For 90 minutes in Philadelphia, the Haitians were back home.
Outside Lincoln Financial Field, vendors sold griot and patties from food trucks as Creole floated through the humid afternoon air. Families arrived draped in blue and red flags. Children who had never lived in Haiti knew every word of “La Dessalinienne,” the national anthem.
The team ultimately lost to Brazil, but the result felt almost irrelevant.
For a country that has endured political violence, earthquakes and humanitarian crises, simply returning to the World Cup had become a celebration of survival. Many of those in the stands had traveled not from Port-au-Prince, but from Brooklyn, Miami, Boston and Montreal. They brought with them two houses: one that they had left behind and one that they had built in the United States of America.

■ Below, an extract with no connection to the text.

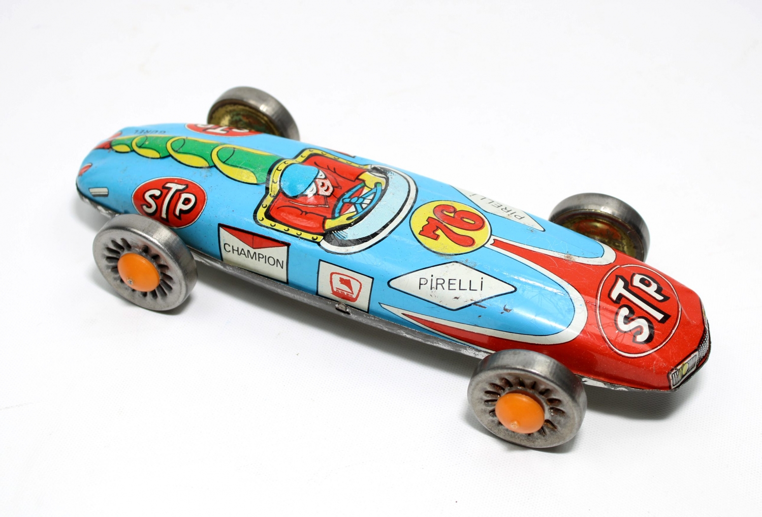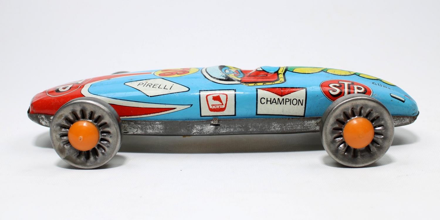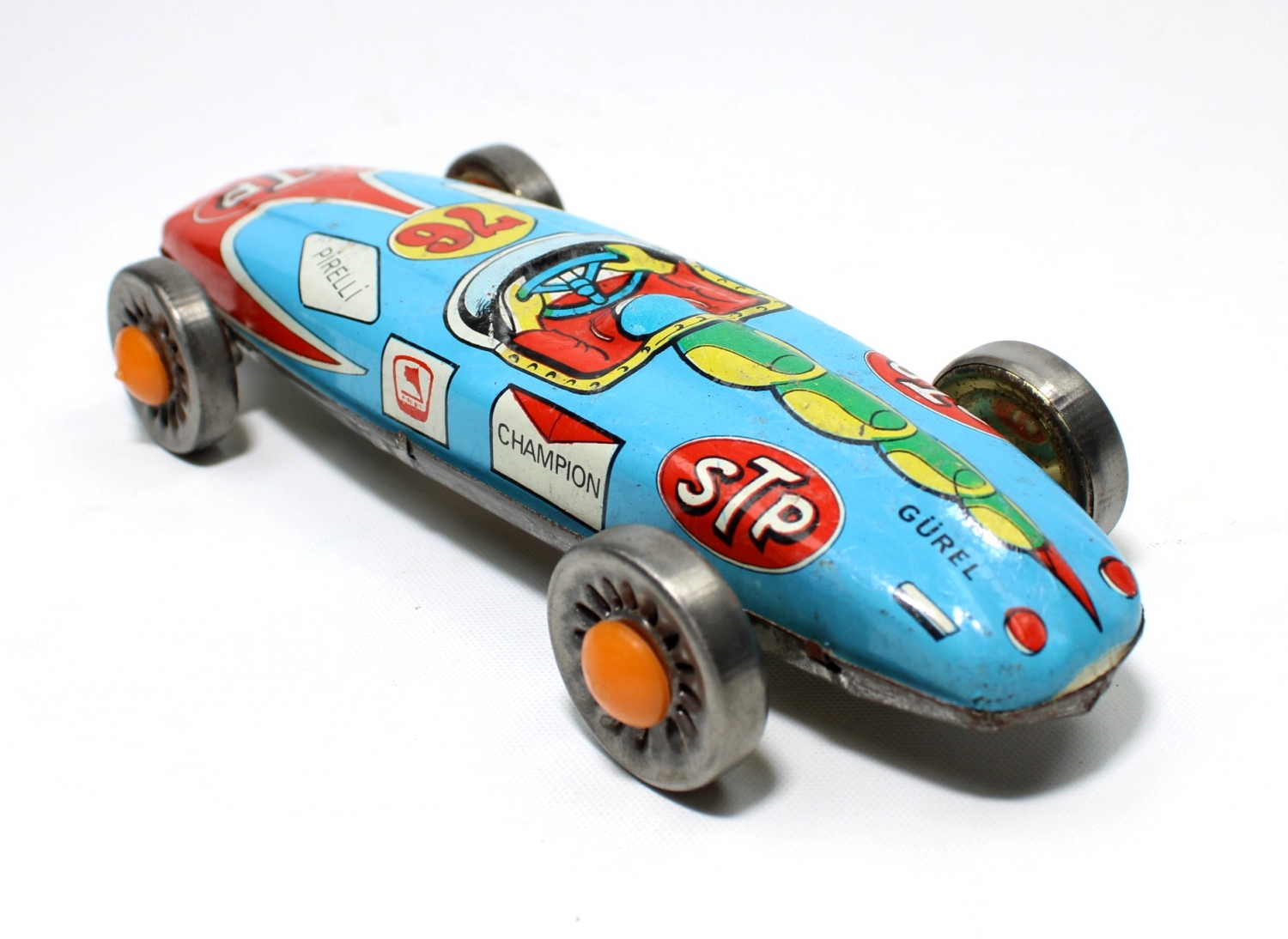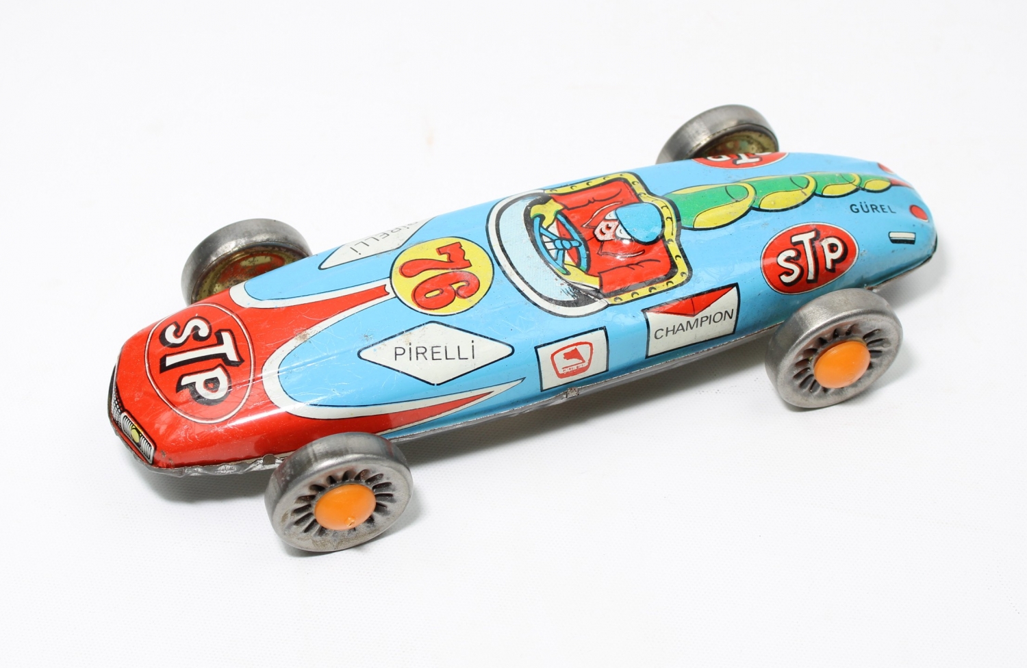 Türk Malı, Gürel marka, Petrol Ofisi reklamlı, Pirelli teneke yarış arabası, 10x24x5 cm

The expanded 48-team World Cup not only introduced new soccer nations but also reunited immigrant communities across North America. Each match has become a kind of family reunion, with flags that have been stored away for years reappearing.
Dallas, home to one of the largest and most active West African populations in the United States, welcomed the Ivory Coast team with the Abidjan Farot Welcome Party on the eve of the round of 16. «My son has never been to Abidjan or anywhere else in Ivory Coast. So I brought him here so he could feel part of the nation. We are incredibly proud of our team for connecting us in this World Cup,» said N’Guessan, who flew in from Atlanta with his four-year-old son and frantically waved a «Welcome to Dallas» sign as the likes of Amad Diallo and Yan Diamonde happily posed for selfies and signed autographs.
Tanya Marie surprised her mother, Chilemb Munung, with World Cup tickets to watch the Democratic Republic of Congo play Portugal at Houston Stadium. «To go there and represent my country to be seen. It was just… I can’t even express to myself what I felt there, but it was like, oh my God,» Chilemb said after the match.
For ninety minutes, football dissolved the distance between where these communities came from and where they live now.
But some supporters never made it to the stadiums.
Many fans were denied visas, while teams and officials from countries such as Iran and Iraq faced entry complications. Iran spent much of the tournament preparing across the border in Tijuana before crossing on match days due to complications entering and staying in the United States. Omar Artan, a referee from Somalia, was sent home from Miami Airport before the World Cup started, while Iraqi player Aymen Hussein was detained and interrogated for nearly seven hours by US Customs and Border Protection at Chicago O’Hare International Airport.
On June 25, the US Supreme Court allowed the Trump administration to move forward with ending temporary protected status for Haiti and Syria, opening the door to the loss of legal protections for thousands of people. Introduced by Congress in 1990, the program has allowed people from countries experiencing war, political instability or natural disasters to remain in the United States.
For many Haitian supporters, the timing could hardly have been worse.
Days after their country stood shoulder to shoulder with Brazil, families who had lived in the United States for years faced new uncertainty.
“The injustice of the justice system affects more than 375,000 Haitians and 6,000 Syrians who have lived in the United States for the past 3, 5, 10, 15 years. They are the people who have come here seeking safety and protection from the extreme conditions that have long plagued Haiti since the 2010 earthquake that killed more than 250,000 people and completely destroyed the country. chaos,” said Guerline Jozef, executive director of the Haitian Bridge Alliance.
While the June 30 U.S. Supreme Court order blocking President Donald Trump’s attempt to end the birthright rights of children born illegally or temporarily to people in the United States provided reassurance to U.S.-born children, it did nothing to eliminate the uncertainty Haitian parents face about the possible loss of temporary protected status.
This World Cup has given the diaspora a rare public stage to celebrate where it comes from. Now many within those same communities are forced to defend their place in the land where they built new lives.